Vermutungen bestätigt
Versuche mit Mäusen bestätigten diese Theorie. Gaben die Forschenden ihnen eine hohe Dosis GDF-15, verloren die Tiere an Appetit und Gewicht - genau wie Menschen mit starker Schwangerschaftsübelkeit. Mäuse, die bereits an eine geringe Dosis GDF-15 gewöhnt waren, zeigten dagegen kein auffälliges Verhalten.
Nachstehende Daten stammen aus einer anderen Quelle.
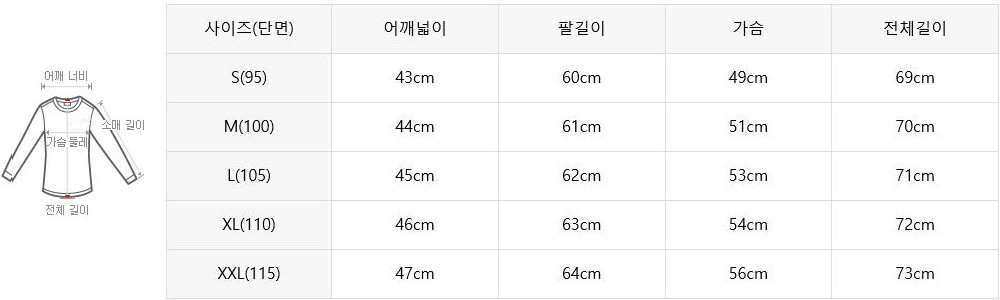 - 사이즈는 재는 방법에따라 약간씩 다를 수 있으며, 기성복으로 대량생산하기 때문에 사이즈는 약간씩 오차가 있을 수 있습니다
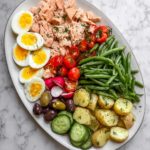 On a large platter or shallow bowl, create a bed of baby greens as your base. Layer on the flaked salmon, cooled green beans, potato pieces, cherry tomatoes, sliced cucumbers, Greek olives, and radishes. The variety of colors and textures here is what makes the Salmon Nicoise Salad Recipe so visually inviting and satisfying to eat.
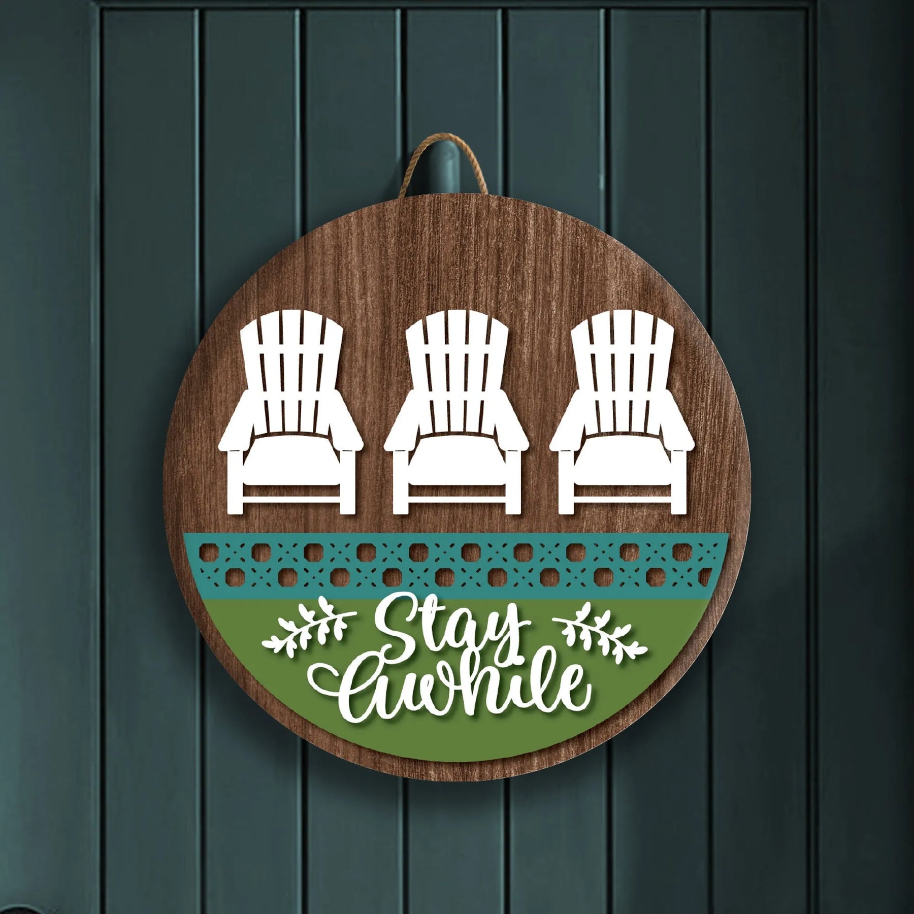 Welcome guests to stay a while with this charming, playful front door sign. Let them know you're happy to have them with a playful stay awhile message. Perfect for adding a cheerful touch of personality to your front door!
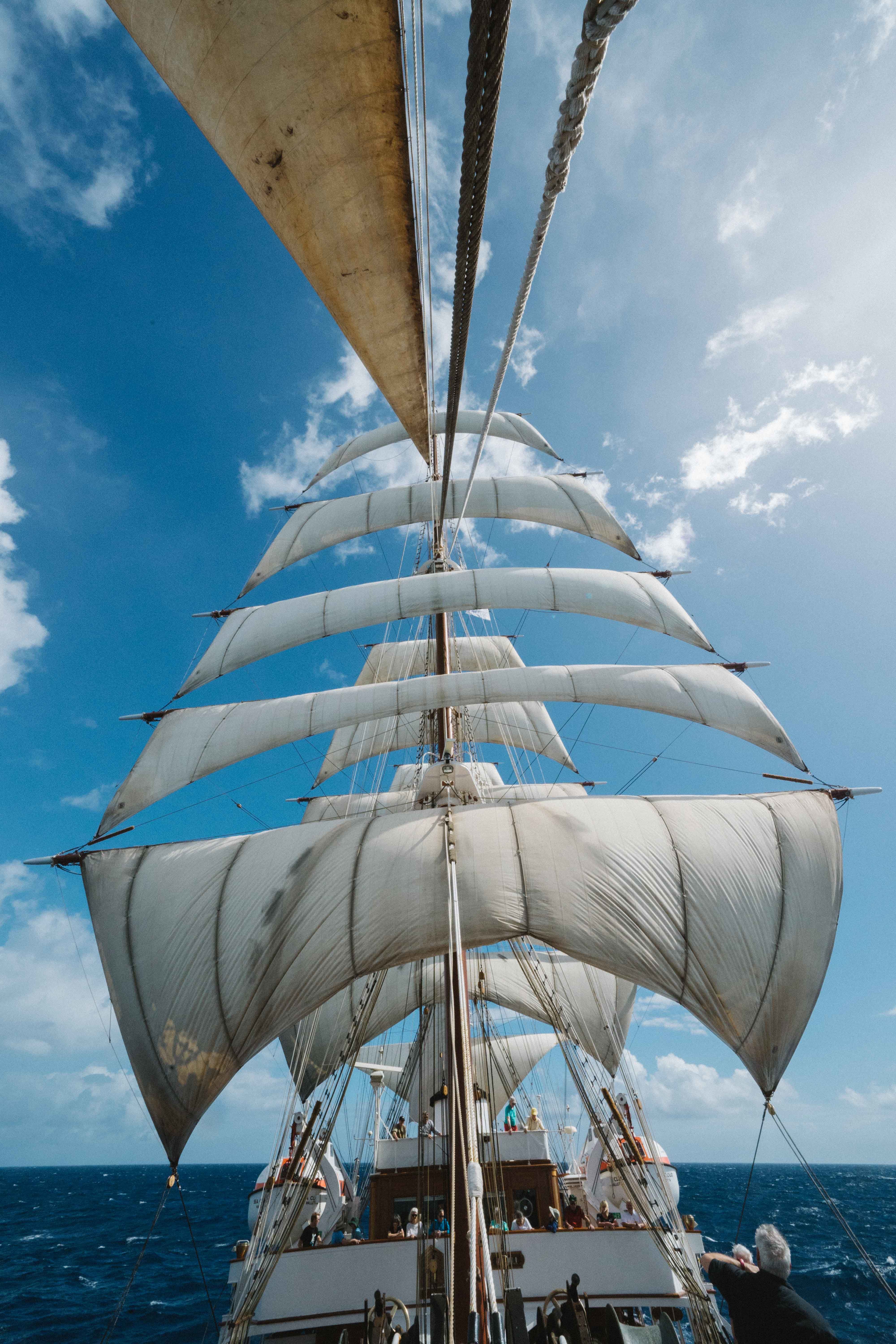 At 8:45 a.m., the expedition leader gave his informative introduction to the sails and the complex rigging of a square-rigger. Imagine a ship more than 360 feet long and displacing 2,600 tons, moving effortlessly, by wind power alone, at 8 mph. Our sails are made in Poland of a very durable, synthetic material and have an average life of about five years. Sea Cloud carries almost 28,000 square feet of sail, and its main mast is 180 feet tall Although built in 1931, it was designed to reflect the square-riggers of the 1880s.

Das Auftreten von Schwangerschaftsübelkeit könnte also durch eine Form von Desensibilisierung verhindert werden. Beim Anblick der Ergebnisse habe sie Tränen in den Augen gehabt, erinnert sich Fejzo.
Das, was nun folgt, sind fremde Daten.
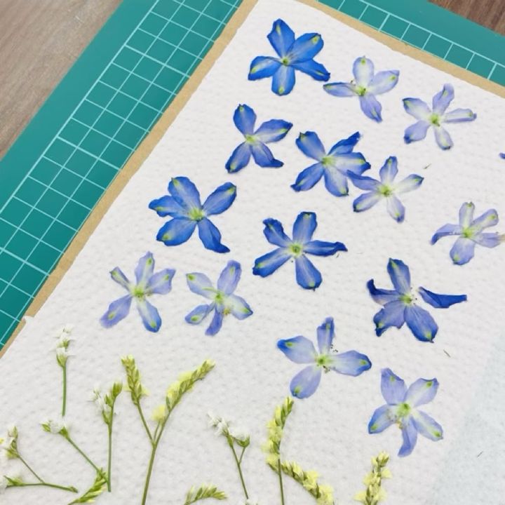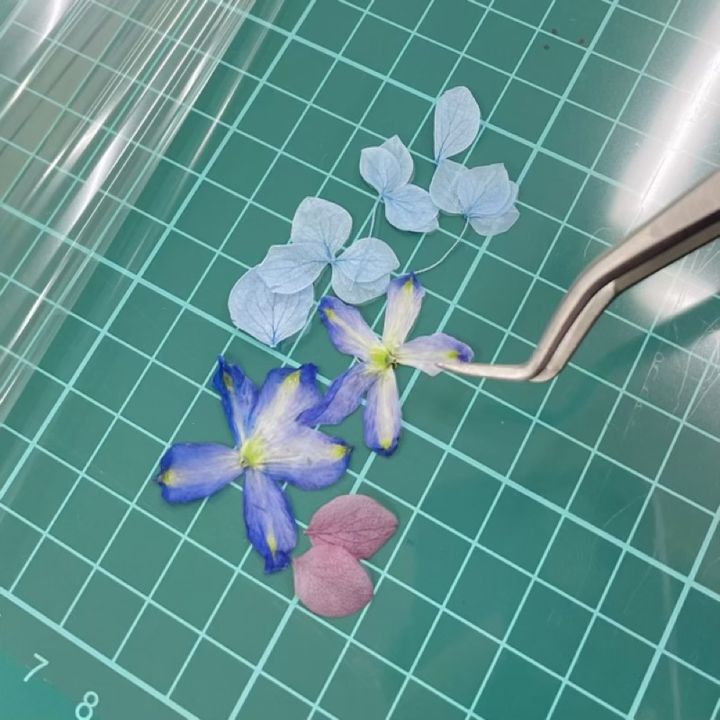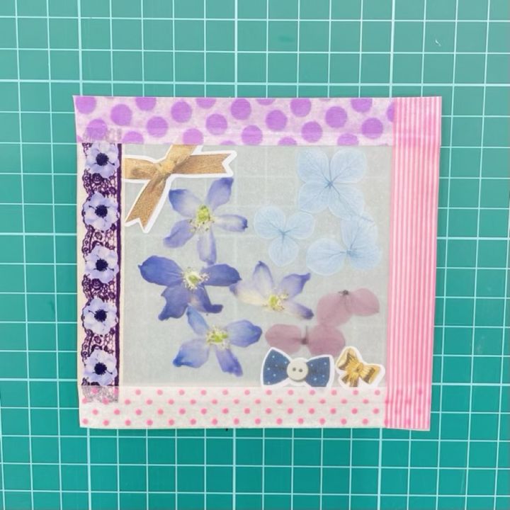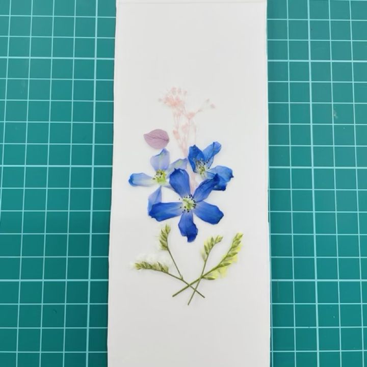 後で周りをカットするため、押し花は余裕を持って配置しましょう。

Um ihre Theorie weiter zu untermauern, befragten die Forschenden Betroffene der sogenannten Beta-Thalassämie. Diese erbliche Blutkrankheit geht mit dauerhaft erhöhten GDF-15-Werten einher. Lediglich fünf Prozent der Befragten gaben an, während ihrer Schwangerschaft an Übelkeit und Erbrechen gelitten zu haben. In der Kontrollgruppe war der Anteil dagegen mehr als zehnmal so hoch.
Zudem konnten die Forschenden nachweisen, dass das Hormon hauptsächlich vom Fötus produziert wird. Fejzo vermutet, dass es sich dabei um einen evolutionären Schutzmechanismus handelt, damit sich Schwangere nicht zu sehr verausgaben.
Weitere Forschung nötig
Ob Betroffene wie Nicole in Zukunft vor einer Schwangerschaft an das Hormon gewöhnt werden können, soll nun in weiteren Studien untersucht werden. Auch während der Schwangerschaft könnte der Rezeptor für GDF-15 im Gehirn gezielt blockiert oder das Hormon mit Antikörpern neutralisiert werden. Bis eine solche Therapie verfügbar sein wird, ist allerdings noch viel Forschungsarbeit nötig.